• DATA SEGMENT:
------------------------

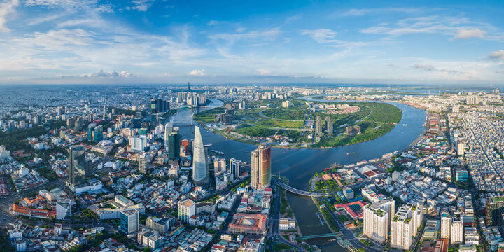 Aerial panorama skyline view of Ho Chi Minh city, Saigon during beautiful day. Metropolis background in Asia
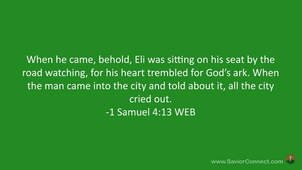 When he came, behold, Eli was sitting on his seat by the road watching, for his heart trembled for God’s ark. When the man came into the city and told about it, all the city cried out. -1 Samuel 4:13 WEB
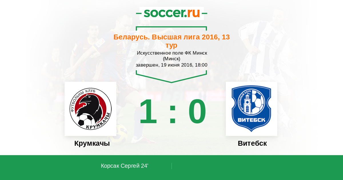Протокол матча Крумкачы против Витебск

------------------------

• EXERCISE DESCRIPTION: Set down all the material exactly once more. No pictures.

• TASK RESPONSE:
 Aerial panorama skyline view of Ho Chi Minh city, Saigon during beautiful day. Metropolis background in Asia
 When he came, behold, Eli was sitting on his seat by the road watching, for his heart trembled for God’s ark. When the man came into the city and told about it, all the city cried out. -1 Samuel 4:13 WEB
Протокол матча Крумкачы против Витебск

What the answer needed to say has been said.